WHAT THIS TASK INVOLVES » From the material below, copy exactly the lines beginning with the one that contains "откинуть на сито." and ending with the one that contains "カフェ トゥインゴの特別メニューとして、トゥインゴ PH"; the pictures stay out.

DATASET CONTENT »
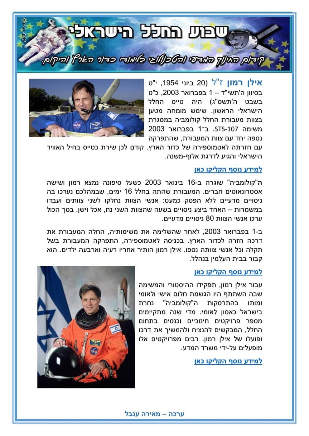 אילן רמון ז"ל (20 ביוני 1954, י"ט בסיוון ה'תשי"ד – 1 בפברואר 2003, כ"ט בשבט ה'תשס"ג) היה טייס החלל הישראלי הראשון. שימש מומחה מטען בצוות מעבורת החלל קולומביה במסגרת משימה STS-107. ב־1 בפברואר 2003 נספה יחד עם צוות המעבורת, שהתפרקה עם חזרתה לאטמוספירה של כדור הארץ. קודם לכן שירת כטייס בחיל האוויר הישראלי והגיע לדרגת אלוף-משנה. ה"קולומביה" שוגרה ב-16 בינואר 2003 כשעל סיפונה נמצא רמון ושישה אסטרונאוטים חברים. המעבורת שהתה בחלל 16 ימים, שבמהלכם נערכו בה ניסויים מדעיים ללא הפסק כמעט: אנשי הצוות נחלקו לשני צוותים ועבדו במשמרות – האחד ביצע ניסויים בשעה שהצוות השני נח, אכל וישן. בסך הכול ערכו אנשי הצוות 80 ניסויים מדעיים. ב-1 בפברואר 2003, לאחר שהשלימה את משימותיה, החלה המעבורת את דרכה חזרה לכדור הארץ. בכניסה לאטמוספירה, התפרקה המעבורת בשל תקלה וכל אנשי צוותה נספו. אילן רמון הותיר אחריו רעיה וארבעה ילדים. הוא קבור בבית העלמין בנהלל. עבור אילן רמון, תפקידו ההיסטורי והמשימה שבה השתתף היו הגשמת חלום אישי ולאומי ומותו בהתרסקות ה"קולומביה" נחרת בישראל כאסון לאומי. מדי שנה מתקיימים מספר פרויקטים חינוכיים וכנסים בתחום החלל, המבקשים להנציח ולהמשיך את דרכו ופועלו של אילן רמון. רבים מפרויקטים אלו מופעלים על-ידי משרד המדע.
...
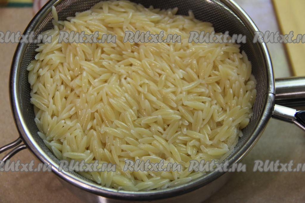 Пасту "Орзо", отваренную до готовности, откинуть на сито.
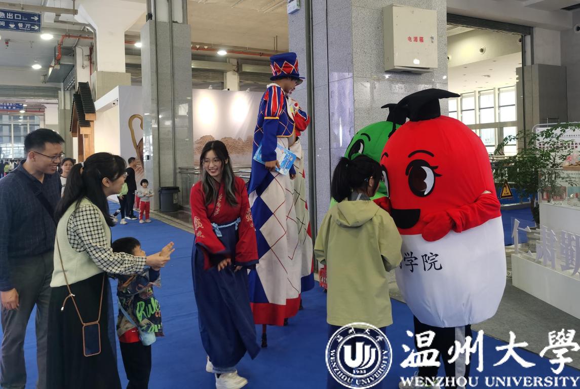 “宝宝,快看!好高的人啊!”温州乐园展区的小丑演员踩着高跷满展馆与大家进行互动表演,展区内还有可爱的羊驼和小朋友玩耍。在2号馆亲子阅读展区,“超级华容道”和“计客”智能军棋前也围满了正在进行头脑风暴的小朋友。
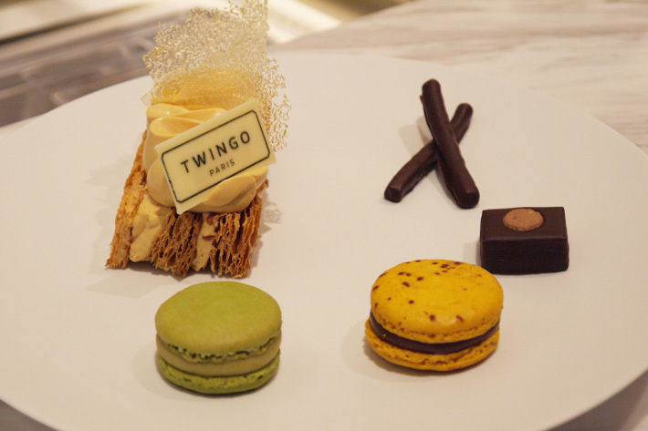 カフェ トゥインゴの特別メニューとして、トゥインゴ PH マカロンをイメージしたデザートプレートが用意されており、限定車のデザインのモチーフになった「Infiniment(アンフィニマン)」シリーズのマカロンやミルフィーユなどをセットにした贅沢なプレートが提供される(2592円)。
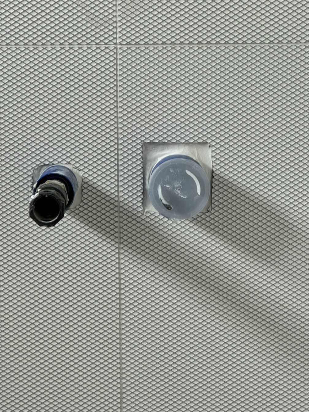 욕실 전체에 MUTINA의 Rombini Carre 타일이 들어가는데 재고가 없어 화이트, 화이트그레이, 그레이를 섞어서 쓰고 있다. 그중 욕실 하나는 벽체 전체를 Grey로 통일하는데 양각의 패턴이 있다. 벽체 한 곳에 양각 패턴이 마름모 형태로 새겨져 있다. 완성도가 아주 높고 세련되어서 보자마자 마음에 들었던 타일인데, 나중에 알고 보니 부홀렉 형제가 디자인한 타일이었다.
==
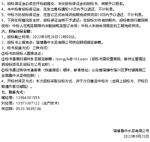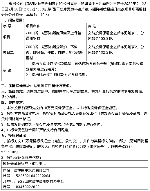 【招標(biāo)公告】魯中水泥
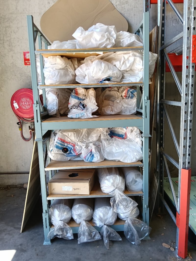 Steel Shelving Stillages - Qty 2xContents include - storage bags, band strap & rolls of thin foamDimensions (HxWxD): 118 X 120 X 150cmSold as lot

OUTPUT FOR THIS TASK »
 Пасту "Орзо", отваренную до готовности, откинуть на сито.
 “宝宝,快看!好高的人啊!”温州乐园展区的小丑演员踩着高跷满展馆与大家进行互动表演,展区内还有可爱的羊驼和小朋友玩耍。在2号馆亲子阅读展区,“超级华容道”和“计客”智能军棋前也围满了正在进行头脑风暴的小朋友。
 カフェ トゥインゴの特別メニューとして、トゥインゴ PH マカロンをイメージしたデザートプレートが用意されており、限定車のデザインのモチーフになった「Infiniment(アンフィニマン)」シリーズのマカロンやミルフィーユなどをセットにした贅沢なプレートが提供される(2592円)。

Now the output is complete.